┌────────
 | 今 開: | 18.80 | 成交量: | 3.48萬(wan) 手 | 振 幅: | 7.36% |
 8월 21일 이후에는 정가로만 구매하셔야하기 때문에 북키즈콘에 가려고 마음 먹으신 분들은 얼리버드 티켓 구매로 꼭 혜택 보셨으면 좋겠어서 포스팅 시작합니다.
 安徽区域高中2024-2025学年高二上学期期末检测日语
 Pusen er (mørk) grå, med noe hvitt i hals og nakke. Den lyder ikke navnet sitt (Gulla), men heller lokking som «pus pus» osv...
└────────
┌────────
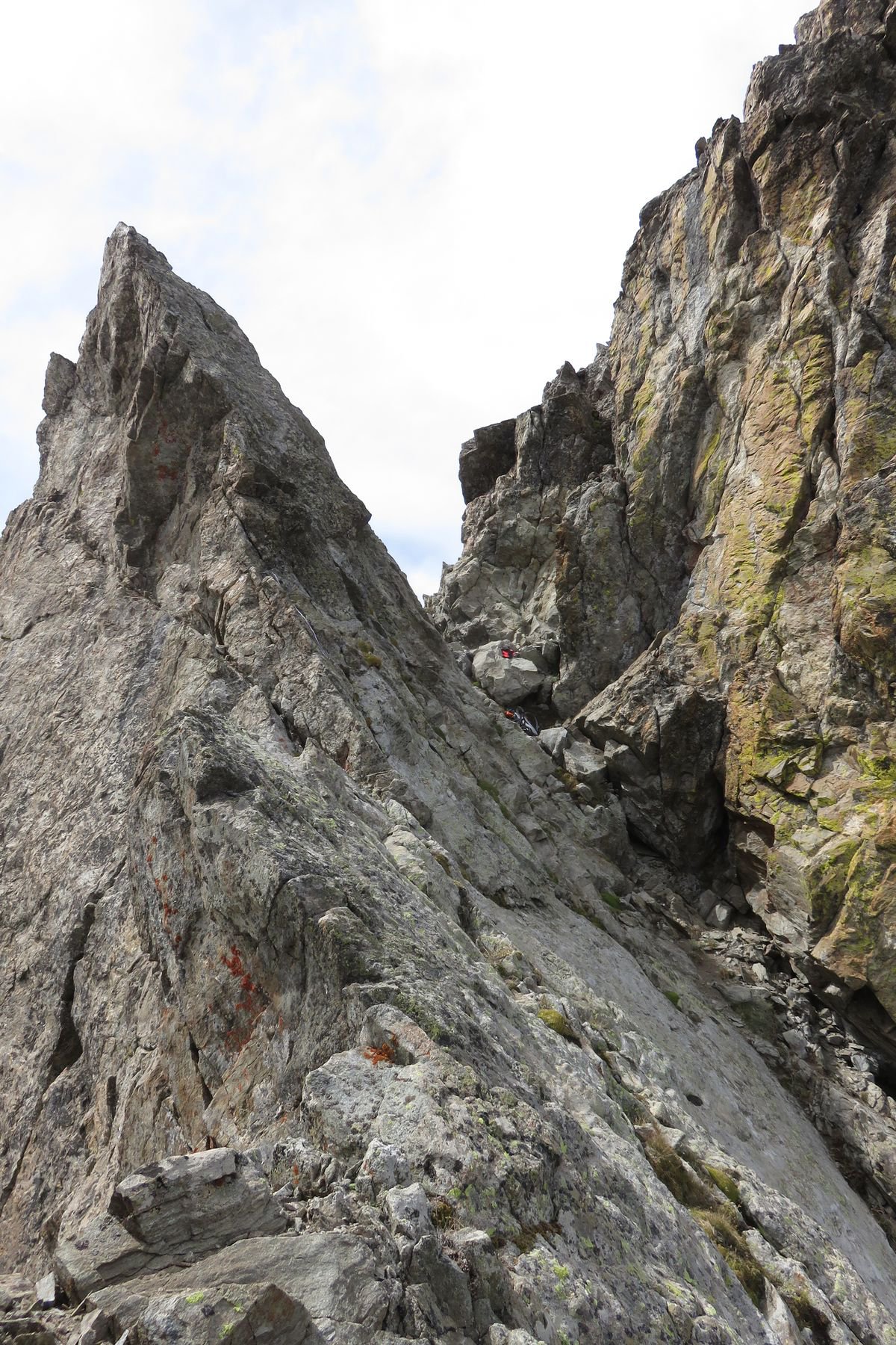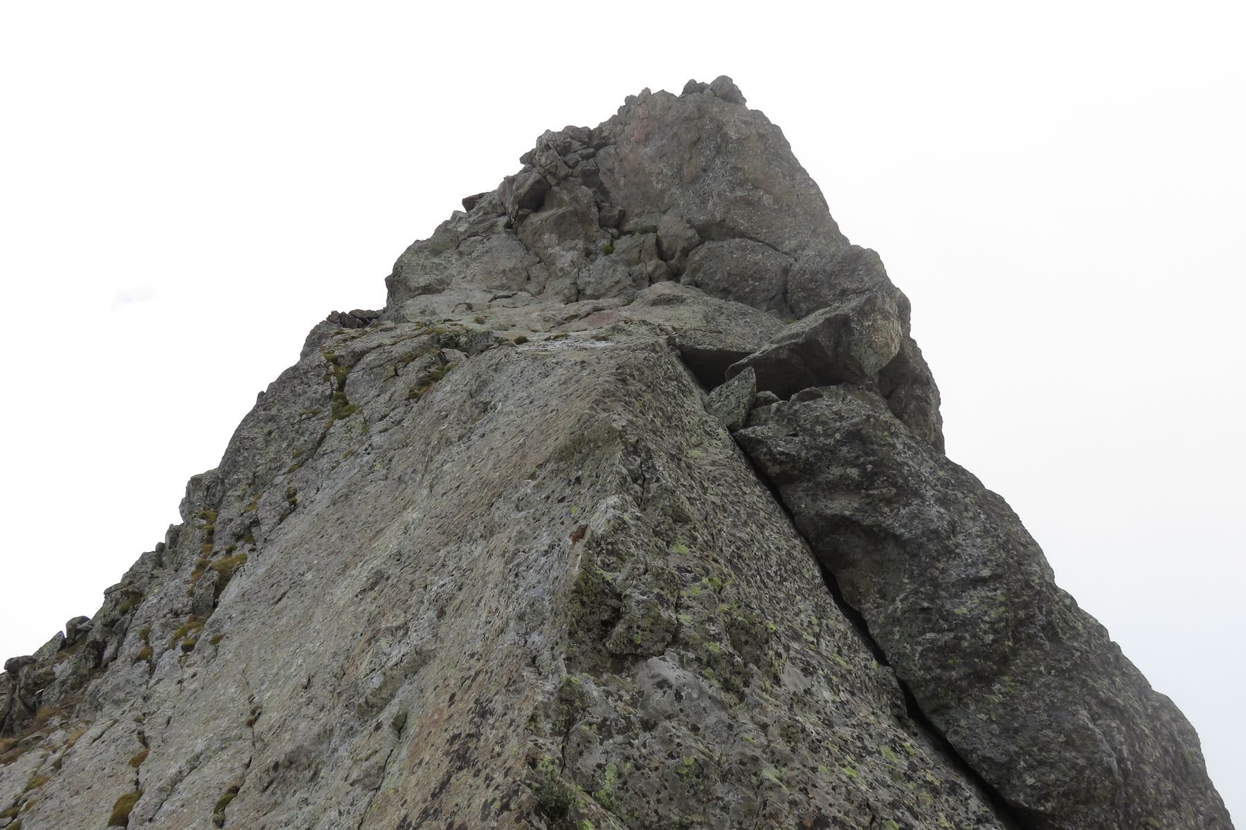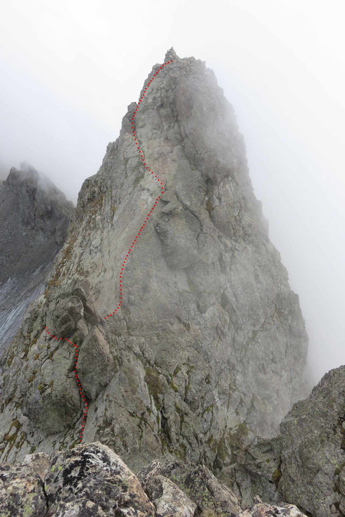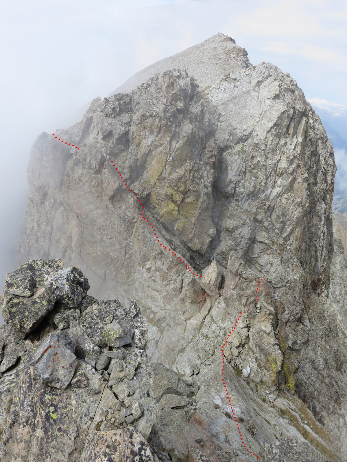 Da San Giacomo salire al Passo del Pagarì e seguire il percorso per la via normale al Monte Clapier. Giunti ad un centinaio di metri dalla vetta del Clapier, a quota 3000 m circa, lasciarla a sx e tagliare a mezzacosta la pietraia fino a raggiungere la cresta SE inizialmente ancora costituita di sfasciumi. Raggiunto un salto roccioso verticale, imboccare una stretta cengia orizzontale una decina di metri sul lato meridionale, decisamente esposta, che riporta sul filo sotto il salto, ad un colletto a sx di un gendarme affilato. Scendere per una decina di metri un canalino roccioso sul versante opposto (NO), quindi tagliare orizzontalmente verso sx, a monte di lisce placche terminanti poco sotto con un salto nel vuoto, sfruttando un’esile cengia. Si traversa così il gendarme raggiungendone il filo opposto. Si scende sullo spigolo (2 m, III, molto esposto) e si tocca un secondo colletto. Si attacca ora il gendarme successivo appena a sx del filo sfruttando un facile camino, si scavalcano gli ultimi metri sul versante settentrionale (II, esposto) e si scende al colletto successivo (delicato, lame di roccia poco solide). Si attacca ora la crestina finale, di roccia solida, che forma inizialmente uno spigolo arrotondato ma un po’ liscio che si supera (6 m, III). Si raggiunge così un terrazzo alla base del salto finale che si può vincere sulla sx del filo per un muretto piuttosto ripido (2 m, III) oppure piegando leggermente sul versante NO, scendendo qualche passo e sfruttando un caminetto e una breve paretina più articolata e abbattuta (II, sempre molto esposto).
└────────
┌────────
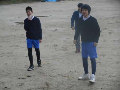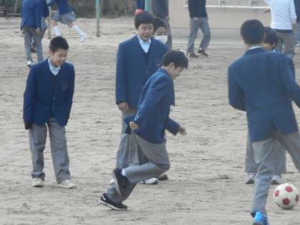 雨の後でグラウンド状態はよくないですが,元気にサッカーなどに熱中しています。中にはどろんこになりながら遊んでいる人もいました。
└────────
Above are the records; from them, give again exactly the lines from the one containing "安徽区域高中2024-2025学年高二上学期期末检测日语" through the one containing "Pusen er (mørk)", both included.

 安徽区域高中2024-2025学年高二上学期期末检测日语
 Pusen er (mørk) grå, med noe hvitt i hals og nakke. Den lyder ikke navnet sitt (Gulla), men heller lokking som «pus pus» osv...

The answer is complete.